- 263 Okunma
- 0 Yorum
- 1 Beğeni
Uçan Kuşa Borcun Varmış
Öyle salına salına geziyordum sokaklarda hatta önüme gelen boş bir tenekeye de dömivole dedikleri asortik tekmeyi de salladım yani, sallamadım desem yalan olur... Islık çalmayı da pek bir severim hem de ellerim ceplerimde ise değmeyin keyfime...
Uçan kuşa borcun varmış diyorlar bana... Var tabi var. Bu devirde borçsuz insan mı var? İlk önce leyleklere borç yaptım... Leylekler mi diye hemen soracağınızı anladım zaten... Leylekler bizim basketçi çocuklar canım. Mahallemizin uzun boylu bebeleri... İyi de para kazanıyorlar ha basket oynayarak. Sıkışınca istedim tabi onlardan bir miktar, ikiletmediler sağ olsunlar hemen verdiler...

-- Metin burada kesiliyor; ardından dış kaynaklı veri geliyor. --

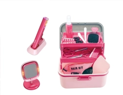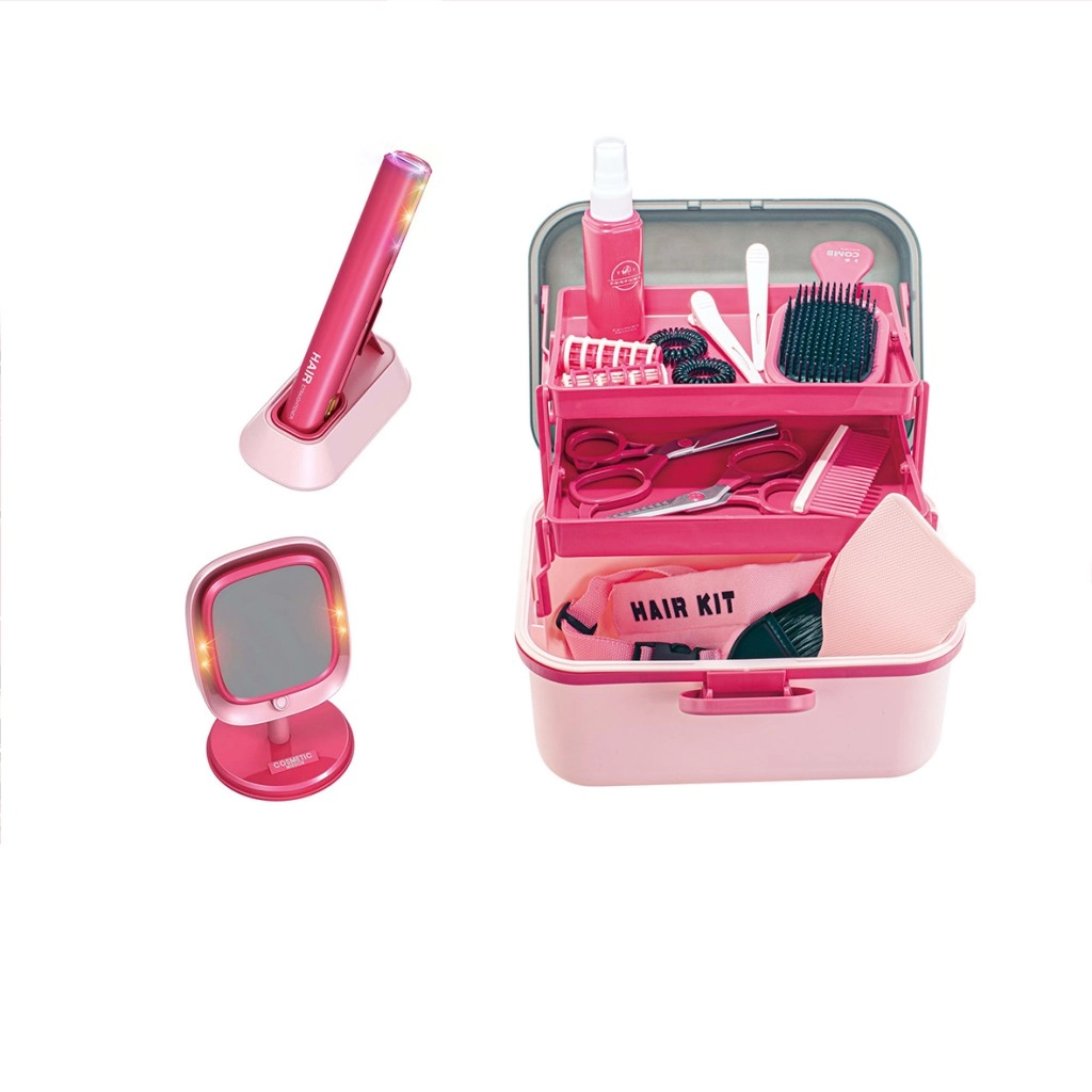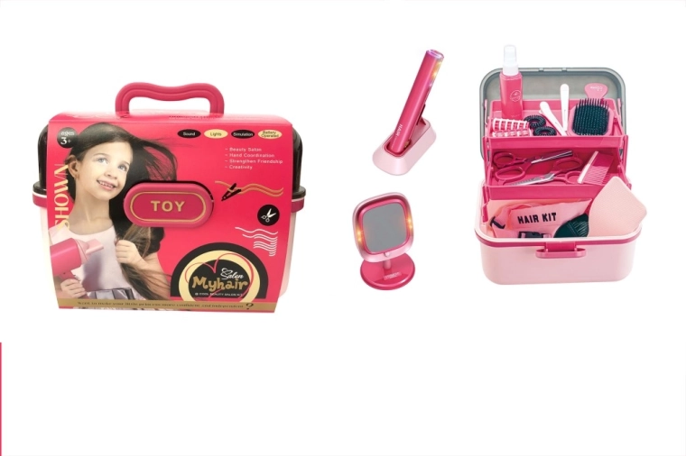 - Dětská vlasová žehlička, nabíjecí stojánek, stolní zrcadlo se světelnými efekty, kufřík s přihrádkami, hřebeny, kartáče, nůžky, sponky, sprej (hračka)

Bir de hostes sevgilim vardı eskiden, bilmem ki o da uçan kuş sınıfına girer mi? Sanırım girer uçtuğuna göre, kanatları varsın olmasın... Bir ara ondanda epeyce borç almıştım... Sonra tam ödeyecek iken ayrıldık bir şekilde, o da sağ olsun istemedi... Borçsa borç, uçak kuş ise o da uçan kuş...
Ha unuttum güvercinler ile serçelere de çok borcum var. Yok canım öyle dolar ya da yuro borcu filan değil... Geçen gün balkona gelmişlerdi bizim. Balkon dediysem epeyce de büyük... O saate de evden hızlıca çıkmam gerekiyordu, randevum vardı bir arkadaşım ile... Haliyle besleyemedim onları... İçeriden balkonun camını açmadan kaş göz işareti yaptım, anladılar sanırım...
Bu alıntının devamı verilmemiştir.